[Start of section]

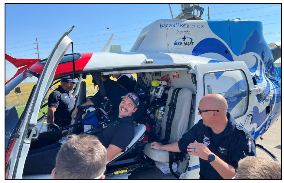
Helicopter safety training.
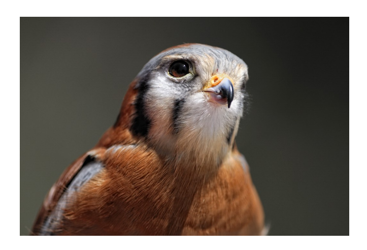
THINKING AMERICAN KESTREL BY BILL DEWEY HONORABLE MENTION

FOUR BUSSES BY STEVE LIGHTLE HONORABLE MENTION
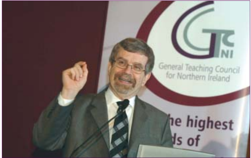
Professor Geoff Whitty.

In responding to the many pressures which face the profession Professor Whitty advocated that Teaching Councils should articulate and promote a new professional narrative based around a democratic professionalism that encourages the development of collaborative cultures both within the profession and with other educational partners. Teachers, he noted, should assume an 'activist identity'. Activist professionals take responsibility for their own on-going professional learning and work within multiple communities of practice. According to Professor Whitty, it is by exercising professional agency in a modern democratic professional community,
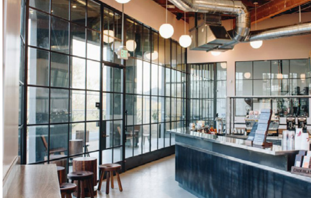
● La Colombe Coffee

2860 Glenview Ave sits at the eastern end of this corridor, walkable to Frogtown's signature destinations and within easy reach of Atwater Village and Silver Lake.
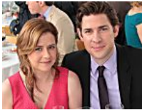
E! ONLINE John Krasinski Responds to Jenna Fischer's Comments About...
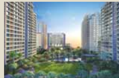
Your Greens. Your World.
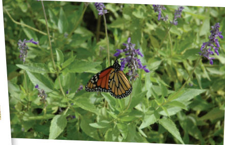
Mealy Blue Sage - Salvia farinacea
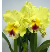
B/C Goldenzelle 'Lemon Chiffon' (Deanna Hayashida - Category 2)
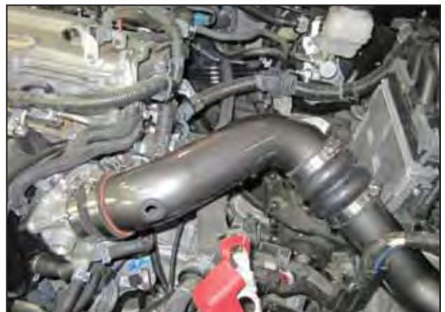
i. Install the upper inlet pipe ensuring it is evenly distributed in the coupler and hump hose. Secure the pipe in place by tightening the hose clamps.
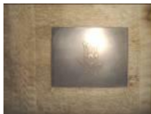
Figure 17: (Experiment 18) The floral designs using the positive line film.

In this experiment, researcher maintained the use of material, resist, corrosive media and positive film for a 10-minute trial. Researcher used floral design as template and as a result, distinctive etching was detected on the metal surface immediately. It was noted that this test produced good release and there was no damages around the surface and researcher concluded that there was adequate photo-resist coated on the metal surface. This test was deemed satisfactory by researcher as the end product test demonstrates suitable photo etching technique.
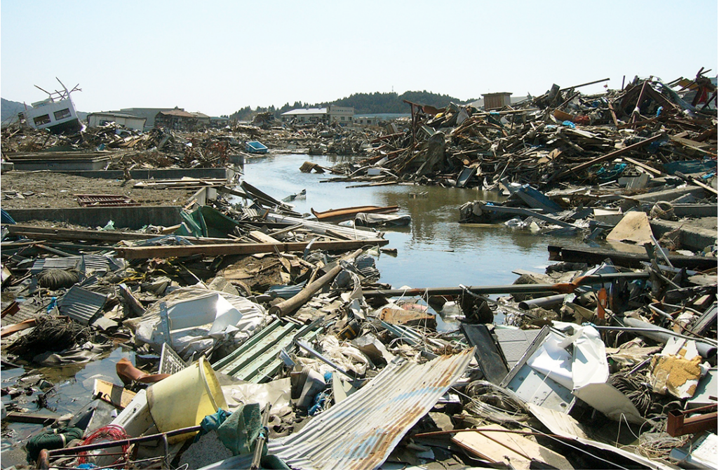
Fig. 2. On April 5, 2011, situation at Nainowaki, Kesennuma City. The water-channel at the center is actually a road. To search for bodies and to remove debris, embankments were made along the main streets, so they began to look like roads. However, once we entered small alleys, most of them were water channels that look like this. This street was the route to and from the work that I used to do. The residential houses I used to see every day were all gone and there was no way to trace back my memory [...]. Photo and text by Hiroyasu Yamauchi.

animals, plants, and crops) in Fukushima and beyond remain largely unknown, and it is hard to come by reliable information on this topic that is neither a government-sanctioned denial of the problem nor sensationalist apocalyptic rhetoric (Rots 2021:3).
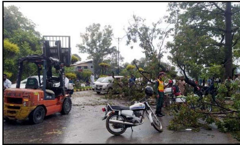
RAWALPINDI: Commuters pass near fallen tree due to heavy downpour of monsoon season while rescue operation underway, in Rawalpindi.

heinous act that can't be justified at all" he remarked. While paying tribute to the martyrs, the chief minister said that citizens of Khyber Pakhtunkhwa especially tribal people and our security forces have rendered matchless sacrifices for reinstating and establishing peace in the region; we will not let those sacrifices go in vain, he said. Meanwhile, the chief minister also met the elders of district Bajaur and heirs of the martyrs and expressed his heartfelt sympathies over the irreparable loss of human lives. He prayed for the higher ranks of martyrs and early recovery of the injured ones.
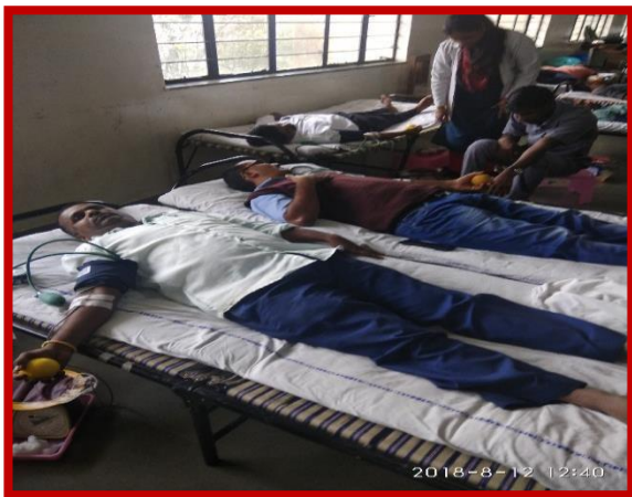
Blood donation by student and staff
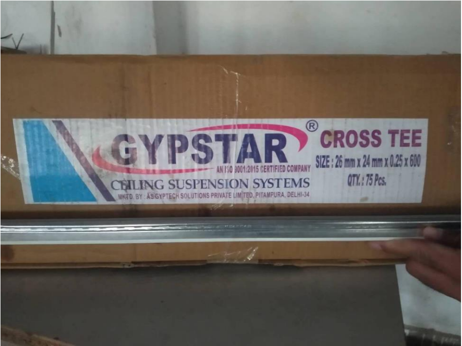
Picture 2: Gypstar Ceiling Suspension System, Main Tee and Cross Tee
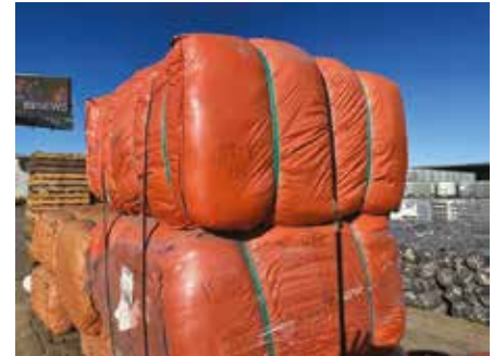
15m x 300m HEX Bale
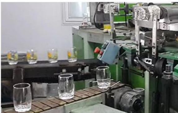
05 SCREEN PRINTING
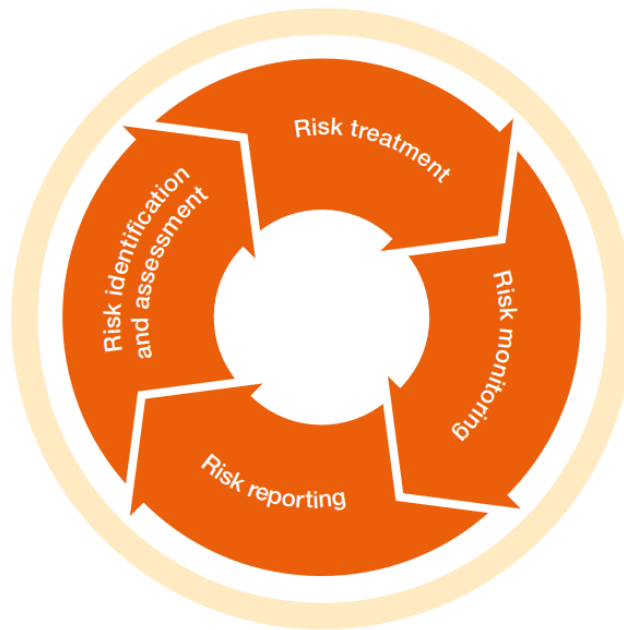
Fig. 3 (HM Government, The Orange Book, Management of Risk – Principles and Concepts , 2020)

Whilst the risk management process is represented as sequential, it may in practice be iterative.
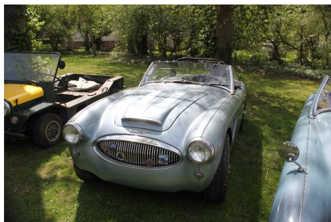
Keith's '62 AH 3000
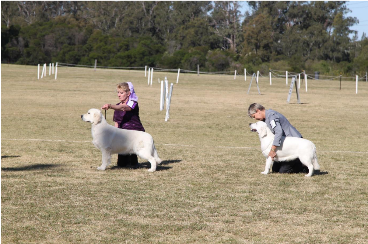
Photo Below: Junior Dog and Junior Bitch** competing for Junior in Show.
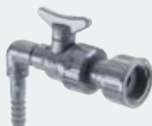
2. Pure water outlet valve
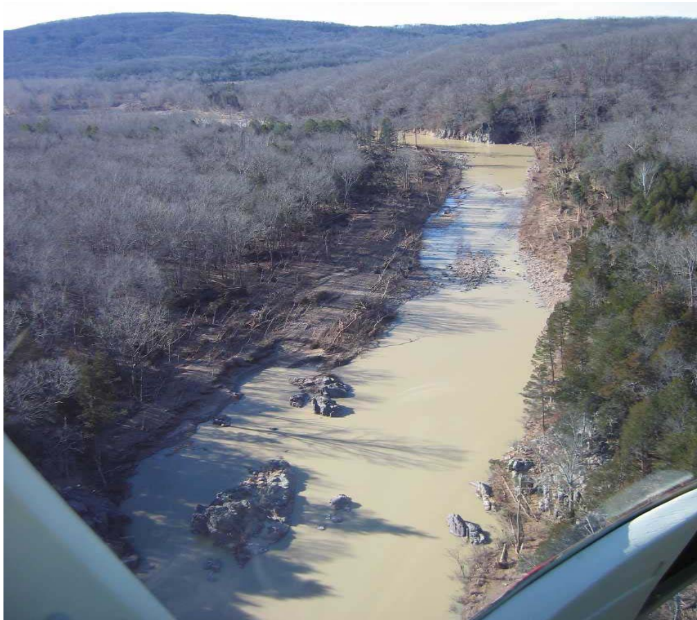
Figure 11.9 - Scour and loss of riparian habitat below the Shut-Ins.

For natural fish reproduction in streams, the channel generally consists of a series of pools, chutes and riffles. Inspection of the stream channel within the state park to the Shut-Ins area indicated substantial alteration of the natural stream channel thereby creating the loss of habitat as well as food sources.
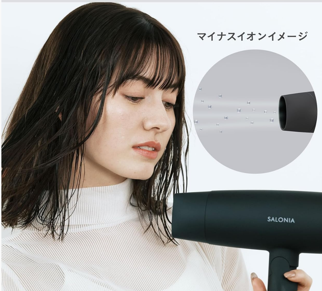
Image: An illustration showing negative ions being released from the dryer, which help to care for damaged hair and improve manageability.

[End of section]

● Problem to solve:
Find the line with "RAWALPINDI: Commuters pass" in the entries above. Set down exactly every line from it up to and including the line with "For natural fish", images excluded.

● Written response:
RAWALPINDI: Commuters pass near fallen tree due to heavy downpour of monsoon season while rescue operation underway, in Rawalpindi.

heinous act that can't be justified at all" he remarked. While paying tribute to the martyrs, the chief minister said that citizens of Khyber Pakhtunkhwa especially tribal people and our security forces have rendered matchless sacrifices for reinstating and establishing peace in the region; we will not let those sacrifices go in vain, he said. Meanwhile, the chief minister also met the elders of district Bajaur and heirs of the martyrs and expressed his heartfelt sympathies over the irreparable loss of human lives. He prayed for the higher ranks of martyrs and early recovery of the injured ones.
Blood donation by student and staff
Picture 2: Gypstar Ceiling Suspension System, Main Tee and Cross Tee
15m x 300m HEX Bale
05 SCREEN PRINTING
Fig. 3 (HM Government, The Orange Book, Management of Risk – Principles and Concepts , 2020)

Whilst the risk management process is represented as sequential, it may in practice be iterative.
Keith's '62 AH 3000
Photo Below: Junior Dog and Junior Bitch** competing for Junior in Show.
2. Pure water outlet valve
Figure 11.9 - Scour and loss of riparian habitat below the Shut-Ins.

For natural fish reproduction in streams, the channel generally consists of a series of pools, chutes and riffles. Inspection of the stream channel within the state park to the Shut-Ins area indicated substantial alteration of the natural stream channel thereby creating the loss of habitat as well as food sources.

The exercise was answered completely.